O caso analisado envolvia um imóvel urbano com área total de 360 metros quadrados. A ocupante alegava exercer posse exclusiva sobre uma fração de 250 metros quadrados desde o término do casamento e buscava o reconhecimento da usucapião apenas sobre essa parcela. A 4ª. Turma do STJ rejeitou esse entendimento e concluiu que o limite legal deve ser aferido sobre a área integral do imóvel e não sobre a área ocupada.


A interpretação adotada parte de um pressuposto relevante. Como a usucapião familiar restringe o direito de propriedade, seus requisitos devem ser interpretados de forma estrita. O legislador reservou essa modalidade aos imóveis urbanos de pequena dimensão. Admitir a aquisição apenas de uma parte de um imóvel maior significaria ampliar o alcance da norma além da hipótese prevista em lei.

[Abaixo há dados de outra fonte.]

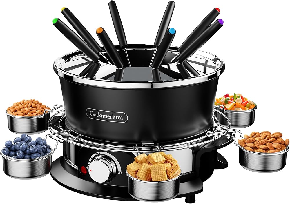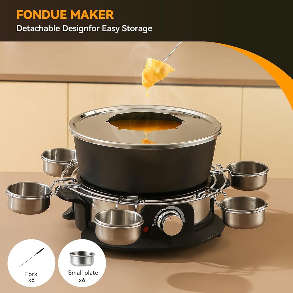 Electric Fondue Pot Set for Chocolate, 1300W Cheese Fondue Set with Multiple Fondue Pots with Adjustable Temperature, 8 Color-Code Fondue Forks, Serve 8 Persons (with 6 plate)
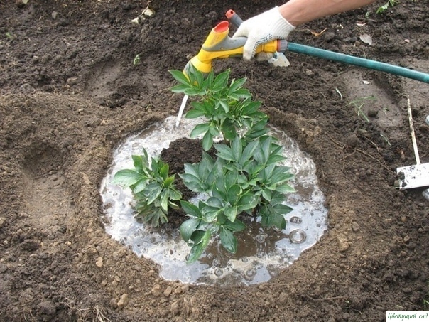 1 этап – как только появятся молодые ростки, залейте в ямку у корней раствор аммиачной селитры (15 г. на 10 л. воды).

Para o mercado imobiliário, o efeito mais relevante está na redução da incerteza jurídica.


Imóveis urbanos com área superior a 250 metros quadrados deixam de apresentar, em princípio, risco de perda da propriedade pela modalidade de usucapião familiar, ainda que exista posse exclusiva sobre parte do terreno. Esse entendimento oferece um parâmetro mais objetivo para a due diligence imobiliária, permitindo avaliações patrimoniais, modelagens financeiras e decisões de investimento com maior previsibilidade.


Isso não significa, entretanto, que o histórico possessório possa ser analisado de forma simplificada.


O entendimento foi proferido por uma das Turmas do STJ e não decorre do rito destinado à uniformização da jurisprudência. Além disso, o limite de 250 metros quadrados é exclusivo da usucapião familiar. Outras modalidades, como a ordinária e a extraordinária, permanecem sujeitas a requisitos próprios e podem alcançar imóveis com áreas superiores.


Esse é o ponto que merece atenção de quem administra patrimônio.


Uma decisão judicial raramente elimina um risco. Em alguns casos, ela apenas torna esse risco mais previsível. Em operações imobiliárias, previsibilidade representa um ativo tão valioso quanto a própria localização do imóvel. Saber identificar quais riscos foram efetivamente reduzidos e quais continuam exigindo investigação é o que diferencia uma diligência documental de uma análise estratégica de ativos.